Article Image

IPFS News Link • Transportation

New Underwater Robot Pursues Biological Specimens Over Long Distances

• popsci.com

A new underwater robot designed to chase marine organisms and record their life stories combines the best attributes of long-distance gliders and short-trip propeller vehicles. Its creator says its range and science capabilities could completely change oceanography.

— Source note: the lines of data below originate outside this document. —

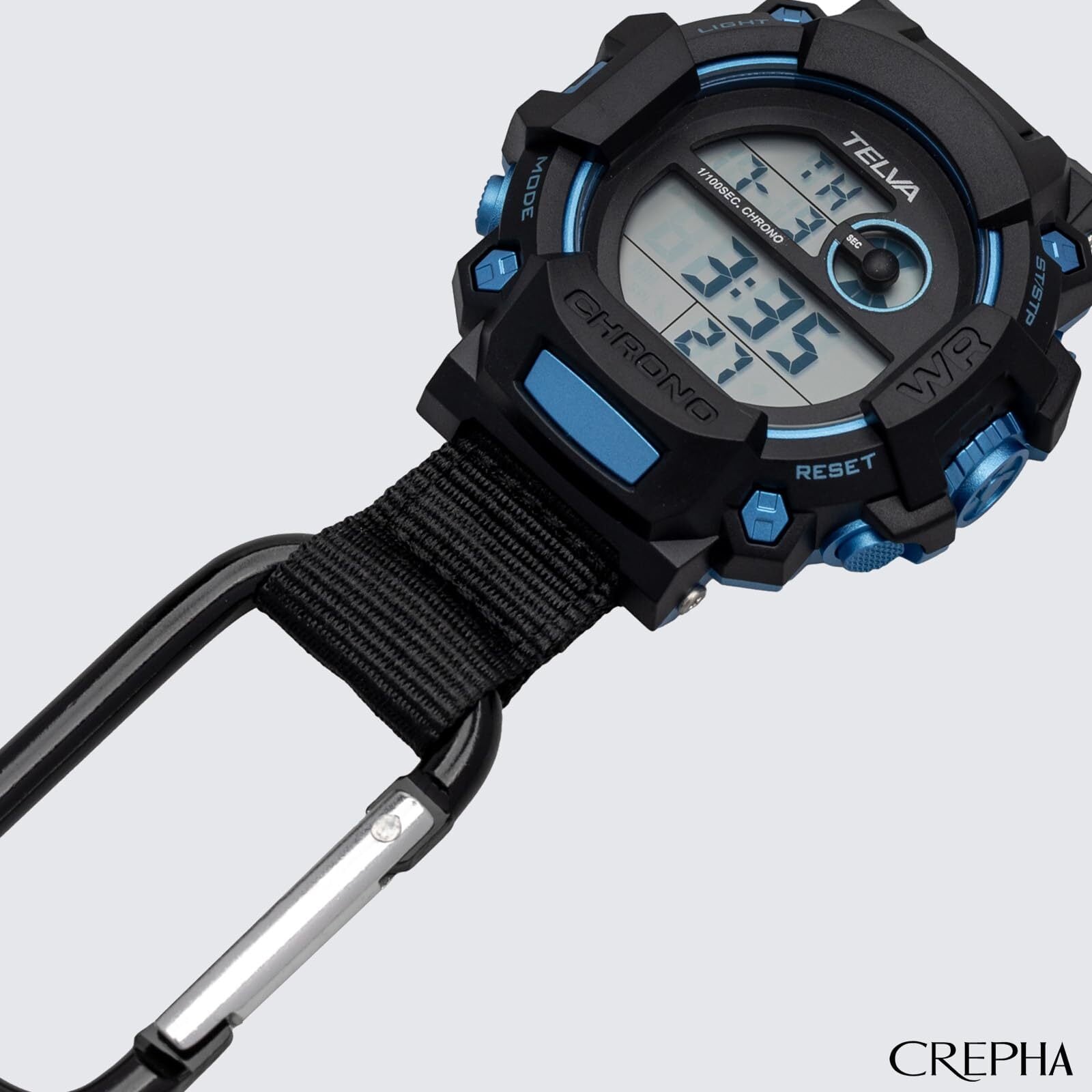 【新着商品】[クレファー] 懐中時計 キーホルダー時計 カラビナウォッチ デジタル 防水 アウトドア 登山 釣り 見やすい かばん リュック用 ブルー AZ-CB-D140-LBL メンズ
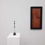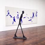Both Giacometti and Klein were conscious of the effects that the Second World War had on the culture and people of Europe. The curator, Joachim Pissarro has been quoted as saying that ‘both artists, rather than creating something that reflected the chaos, chose to rise above it, transforming and deciphering it into elegant, lyrical matter.’ This is seen with Klein’s playful anthropometric paintings made from the blue imprints of nude ladies onto canvas, juxtaposing the thin, drawn out, serious characters constructed by Giacometti.
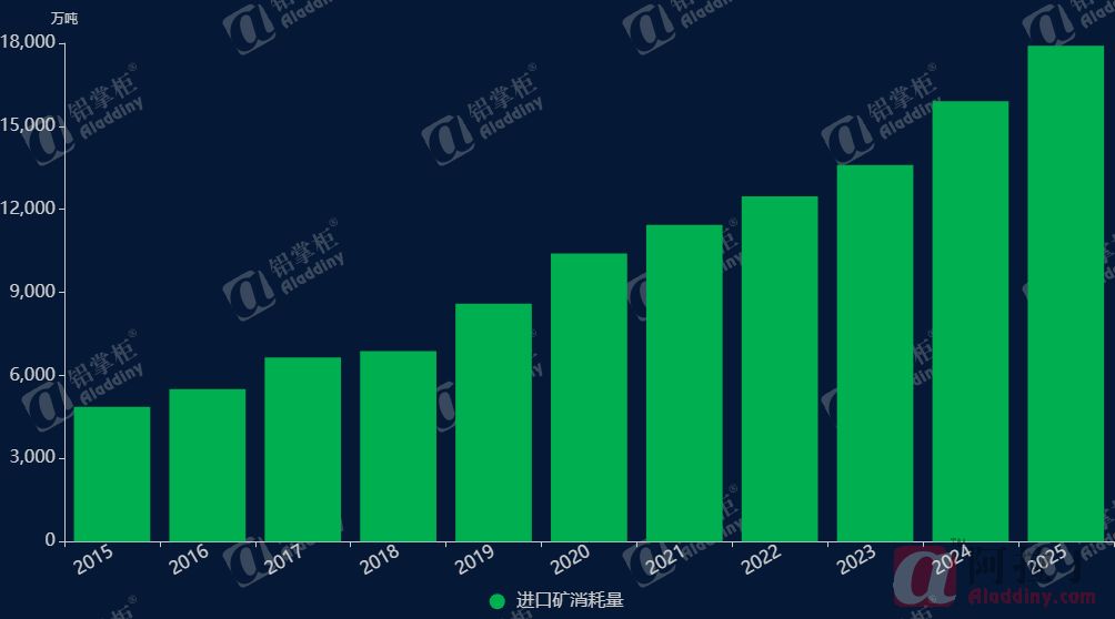 图3 中国进口铝土矿消耗量

Tethys, designed at the Monterey Bay Aquarium Research Institute, represents a new class of autonomous underwater vehicles. Most AUVs sacrifice range for robust science instruments, or vice versa, leaving scientists with an incomplete picture of life on the seas. Tethys, on the other hand, can travel at high speeds for hundreds of miles, float with the currents for weeks at a time and carry a wide range of instruments.

For most of October, it crisscrossed Monterey Bay as part of an experiment to track microscopic algae patches. It did such a good job that its creators hope to send it to Hawaii eventually, using high-powered disposable batteries.

The robot’s creator, Jim Bellingham, spent four years trying to build an AUV that could bring agility and endurance to the study of oceanography. In the past, studying phenomena like algal blooms depended on luck and timing — oceanographers would stick an instrument on a mooring and hope algae would drift past it, or they would schedule a cruise and hope the bloom would happen while they were at sea, he explains in a MBARI news story.